**Try it:** An exact restatement of the data below, with the pictures removed, is the required answer.

============================================================

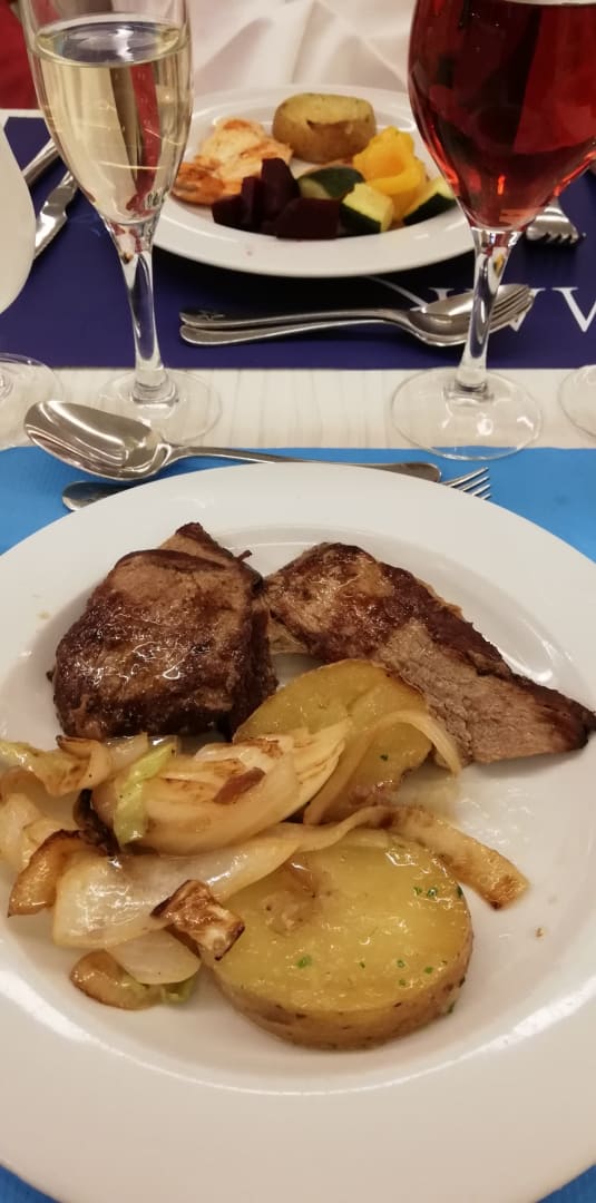 Steak mit Zwiebeln und Knoblauch-Patatas
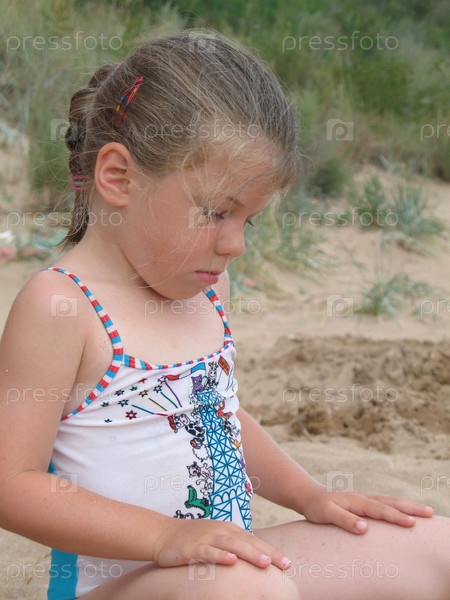 Обиженная маленькая девочка в купальнике сидит на пляже
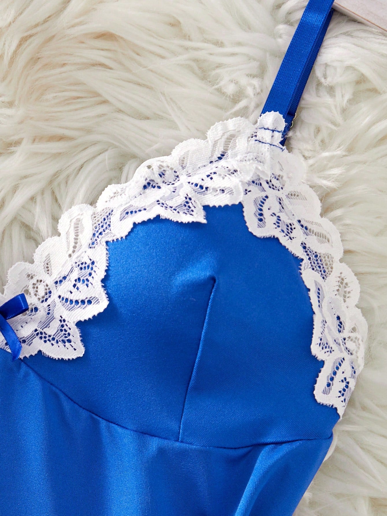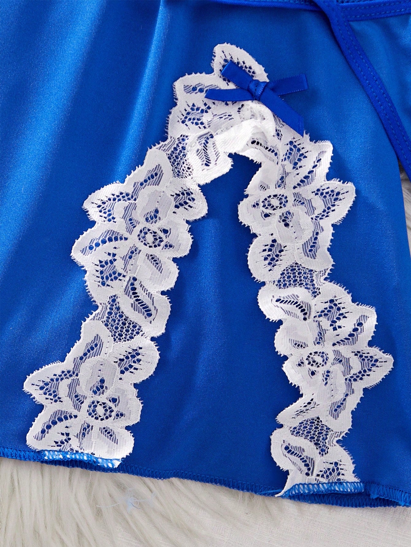 AESKEIA V-Neck Lace Contrast Color Split Fashion Charming Design Ladies Nightgown With G-String
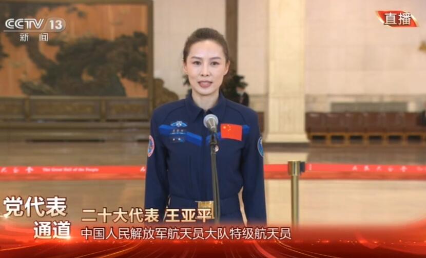 二十大代表、中国人民解放军航天员大队特级航天员 王亚平:现在我的三位战友正在浩瀚的太空出差。每次在太空听闻党和国家的大事喜事,对我们来说都是最强的精神激励。
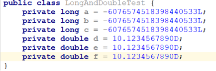 新建一个测试类 LongAndDoubleTest.java,在这个类中,我们声明了六个变量,但是取值就两种Long 类型的-6076574518398440533L 和Double 类型的10.1234567890D。
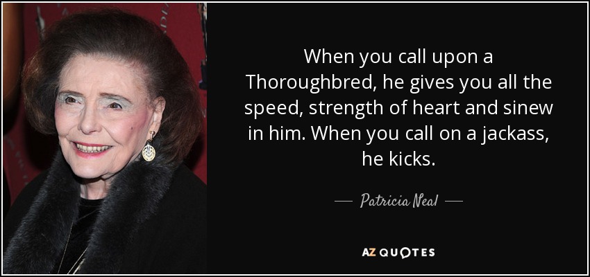 When you call upon a Thoroughbred, he gives you all the speed, strength of heart and sinew in him. When you call on a jackass, he kicks.

============================================================

**Written response:**
 Steak mit Zwiebeln und Knoblauch-Patatas
 Обиженная маленькая девочка в купальнике сидит на пляже
 AESKEIA V-Neck Lace Contrast Color Split Fashion Charming Design Ladies Nightgown With G-String
 二十大代表、中国人民解放军航天员大队特级航天员 王亚平:现在我的三位战友正在浩瀚的太空出差。每次在太空听闻党和国家的大事喜事,对我们来说都是最强的精神激励。
 新建一个测试类 LongAndDoubleTest.java,在这个类中,我们声明了六个变量,但是取值就两种Long 类型的-6076574518398440533L 和Double 类型的10.1234567890D。
 When you call upon a Thoroughbred, he gives you all the speed, strength of heart and sinew in him. When you call on a jackass, he kicks.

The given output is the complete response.